What the exercise asks. The lines to return are those from the line holding "Ideales para momentos" through the last line of the entries below, both included, written exactly and without pictures.
Segment Start: Supplied material
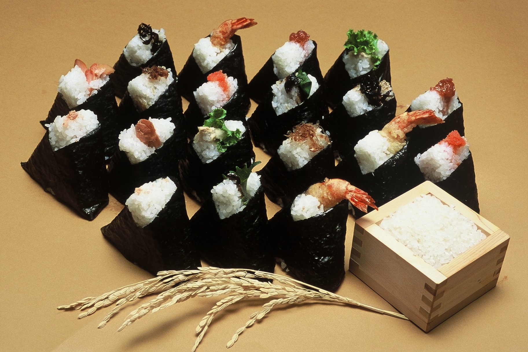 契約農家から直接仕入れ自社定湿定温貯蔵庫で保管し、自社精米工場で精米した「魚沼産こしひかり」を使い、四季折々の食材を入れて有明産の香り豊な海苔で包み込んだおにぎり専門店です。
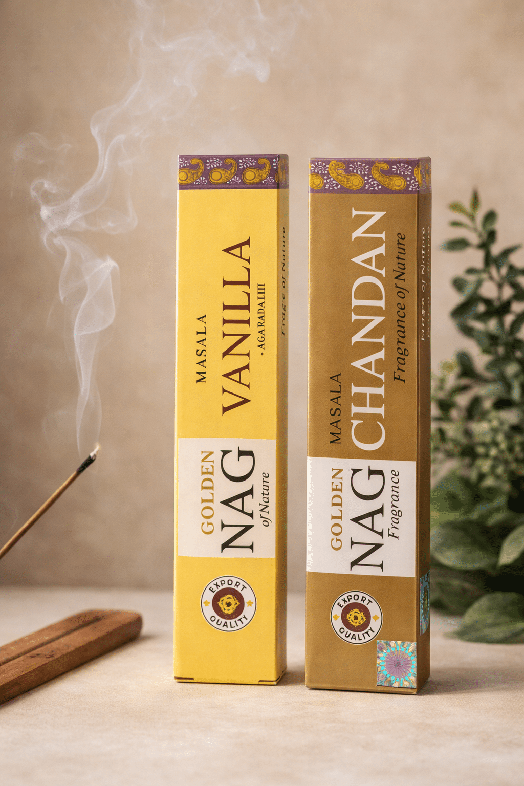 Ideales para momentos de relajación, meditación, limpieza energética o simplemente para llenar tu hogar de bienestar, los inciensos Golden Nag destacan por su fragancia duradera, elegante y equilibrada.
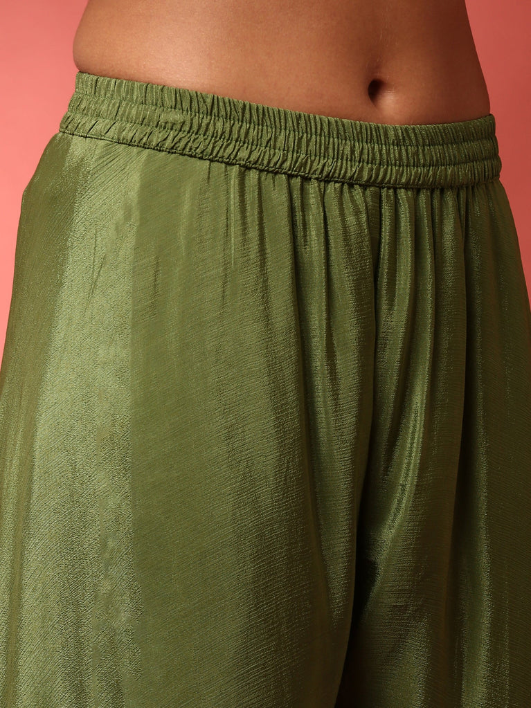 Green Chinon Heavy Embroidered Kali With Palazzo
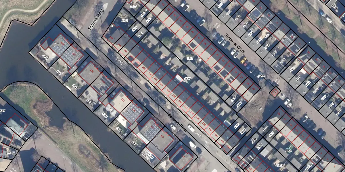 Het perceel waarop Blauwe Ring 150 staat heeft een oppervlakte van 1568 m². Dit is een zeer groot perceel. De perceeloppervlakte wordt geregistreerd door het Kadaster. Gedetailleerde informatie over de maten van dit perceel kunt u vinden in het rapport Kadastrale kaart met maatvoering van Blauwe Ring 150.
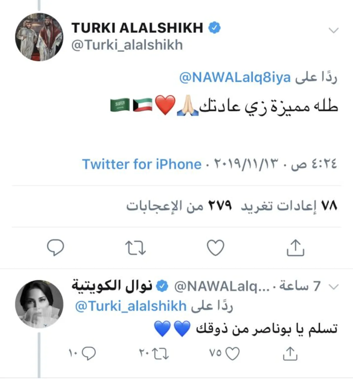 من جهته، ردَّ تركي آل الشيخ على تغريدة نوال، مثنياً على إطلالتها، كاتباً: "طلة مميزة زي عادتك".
Segment End: Supplied material
Response below.
 Ideales para momentos de relajación, meditación, limpieza energética o simplemente para llenar tu hogar de bienestar, los inciensos Golden Nag destacan por su fragancia duradera, elegante y equilibrada.
 Green Chinon Heavy Embroidered Kali With Palazzo
 Het perceel waarop Blauwe Ring 150 staat heeft een oppervlakte van 1568 m². Dit is een zeer groot perceel. De perceeloppervlakte wordt geregistreerd door het Kadaster. Gedetailleerde informatie over de maten van dit perceel kunt u vinden in het rapport Kadastrale kaart met maatvoering van Blauwe Ring 150.
 من جهته، ردَّ تركي آل الشيخ على تغريدة نوال، مثنياً على إطلالتها، كاتباً: "طلة مميزة زي عادتك".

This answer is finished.